Following significant population growth, largely associated with clothing manufacturing, Hebden Bridge became an urban district in 1894.[1] In this context the new civic leaders decided to procure a town hall: the site they selected was on the west bank of the Hebden Water.[2]
The new building was designed by a local firm, Sutcliffe and Sutcliffe, in the Jacobean style, built in ashlar stone and was officially opened on 11 May 1898.[3] The design involved an asymmetrical main frontage with four bays facing onto St George's Street; the left hand section of two bays featured, in the right hand bay, an porch with an arch and a keystone on the ground floor and a mullioned and transomed window on the first floor. The central section featured a prominent oriel window on the first floor, while the right hand section featured a wide arched opening and a doorway to the former fire station, a five light mullioned and transomed window on the first floor and a three light window on the second floor. The central and right hand sections were surmounted by pedimented gables with oculi in the tympana. Internally, the principal room was the council chamber, which featured wooden panelling, on the first floor.

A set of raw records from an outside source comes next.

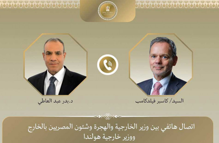 تلقى الدكتور بدر عبد العاطى وزير الخارجية والهجرة المصري اليوم الثلاثاء، اتصالاً هاتفيًا من كاسبر فيلدكامب وزير خارجية هولندا، وذلك للوقوف على مستجدات الأوضاع في قطاع غزة.
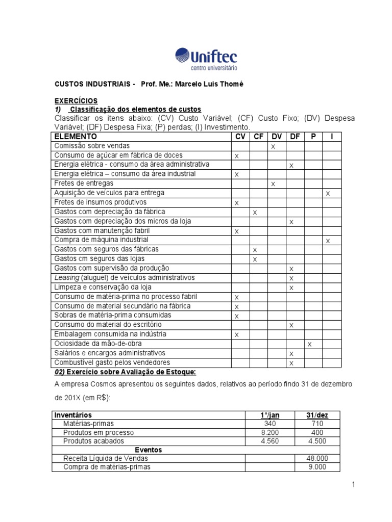 Classificar os itens abaixo: (CV) Custo Variável; (CF) Custo Fixo; (DV) Despesa
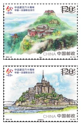 10月18日,《中法建交六十周年》(與法國聯(lián)合發(fā)行)紀(jì)念郵票發(fā)行。該套郵票一套2枚,郵票圖案名稱分別為“1.泰山”和“2.圣米歇爾山”。
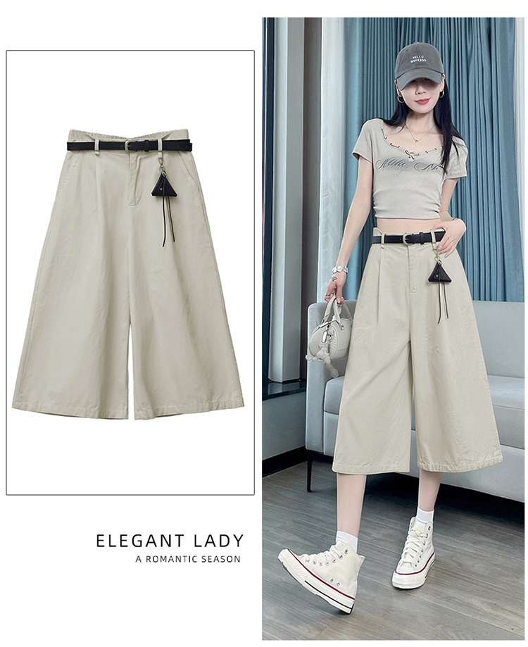 2026 여름 워시 물 면 캐주얼 바지 루즈핏 슬림해 보이는 8 점 바지 패션 다용도 여성 모통이 칼 바지 벨트 포함
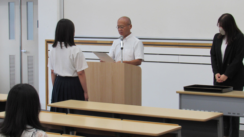 寮生会役員および寮長とブロック長の名前が読み上げられ、坪井校長から任命書が授与されました。
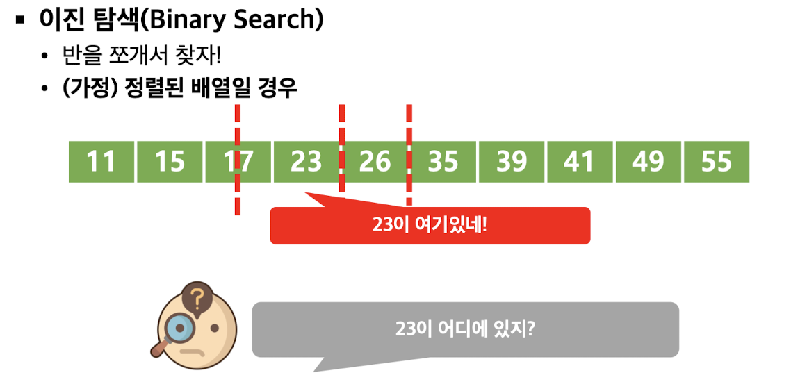 반을 쪼갬 -> 23이 26보다 작으니 왼쪽에 있겠군 -> 17보다 크니 오른쪽에 있겠군 -> 23이 여기있네!
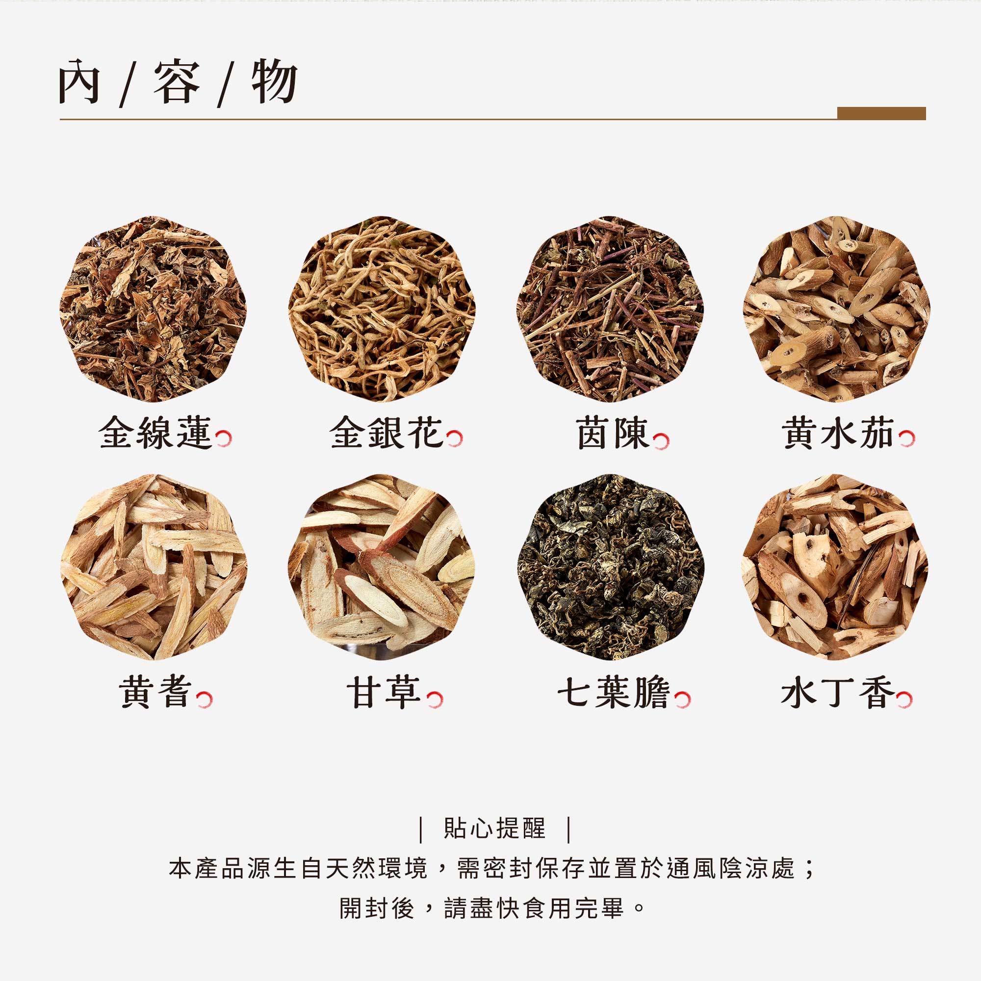 內容物: 金線蓮/金銀花/茵陳/黃水茄/黃耆/甘草/七葉膽/水丁香

A war memorial, in the form of a brass plaque, to commemorate the lives of local service personnel who had died in the Second Boer War, was unveiled in the entrance hall of the building in 1902.[4]

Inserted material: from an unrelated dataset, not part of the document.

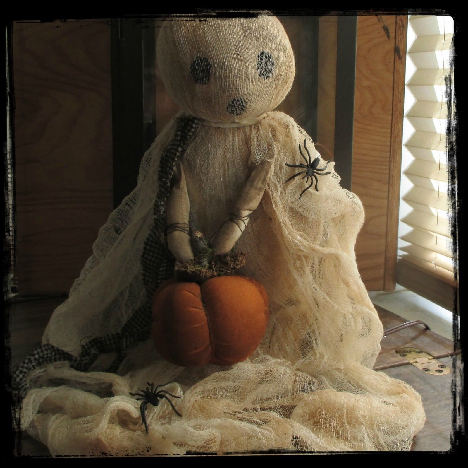 Title (ebay affiliate link): LAST ONE Primitive Halloween Ghost Doll Door Hanger Orange Pumpkin Harvest Decor
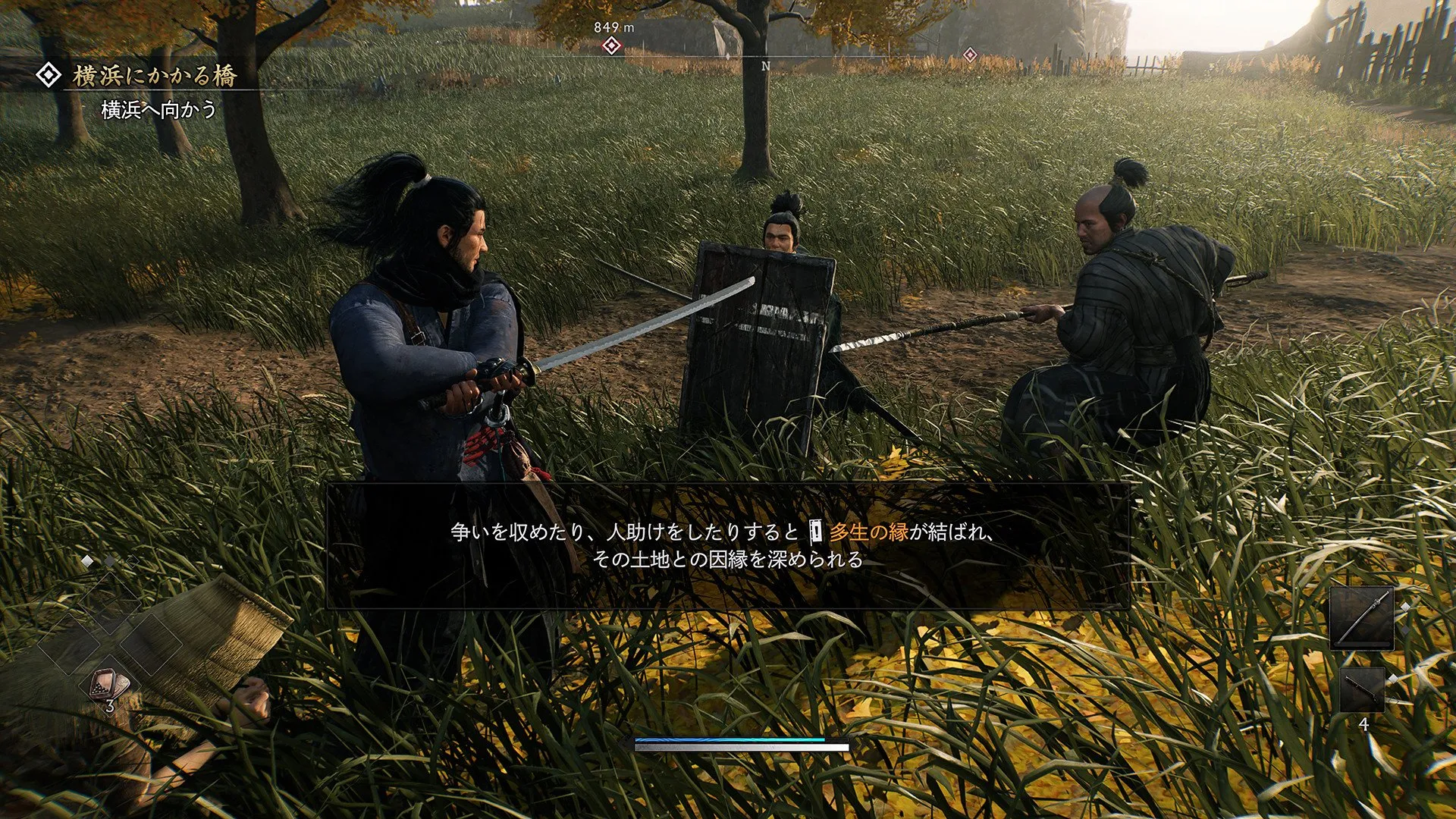اولین شهر بزرگی که قهرمان ضد شوگون داستان از آن بازدید میکند، یوکوهاما است. در منطقه کانای یوکوهاما، جایی که شرق به غرب میرسد، مکانهای دیدنی یوکوهاما مانند کنسولگری ایالات متحده، محلهی چینیها، مهمانخانهی ایالتی یوکوهاما، فانوس دریایی و غیره را کاوش خواهید کرد. همانطور که در حومهی یوکوهاما سفر میکنید، خود را در مجموعهای از مسافرخانهها در امتداد جادهی توکایدو، مهمترین مسیر عصر ذکر شده در ژاپن، مییابید که کیوتو، پایتخت امپراتوری، را به ادو، مقر توکوگاوا شوگونات، متصل میکند.

The building continued to serve as the headquarters of Hebden Bridge Urban District Council and, from 1937, of Hebden Royd Urban District Council, but it ceased to be the local seat of government when the enlarged Calderdale Metropolitan Borough Council was formed in 1974.[5] The building, which was subsequently underused, began to deteriorate: however, a not-for-profit entity, Hebden Bridge Community Association, was formed and went on to acquire the building on a 40-year lease (subsequently extended to 125 years), along with sufficient funds to carry out basic maintenance work, on 1 April 2010.[6]
With financial support from the European Regional Development Fund and Community Builders Fund, the community association then redeveloped an adjacent site to the southwest of the town hall which had been used as a car park.[7] The works, which were carried to a design by Bauman Lyons, involved the construction of a modern structure for community and business use: the new development which cost £3.7 million was named the Waterfront Hall and opened in August 2012.[8] [9] [10] The BBC Radio 4 programme, Any Questions? was broadcast from the new Waterfront Hall shortly after it opened.[11] Meanwhile, the town hall continued to serve as the meeting place of Hebden Royd Town Council.[12]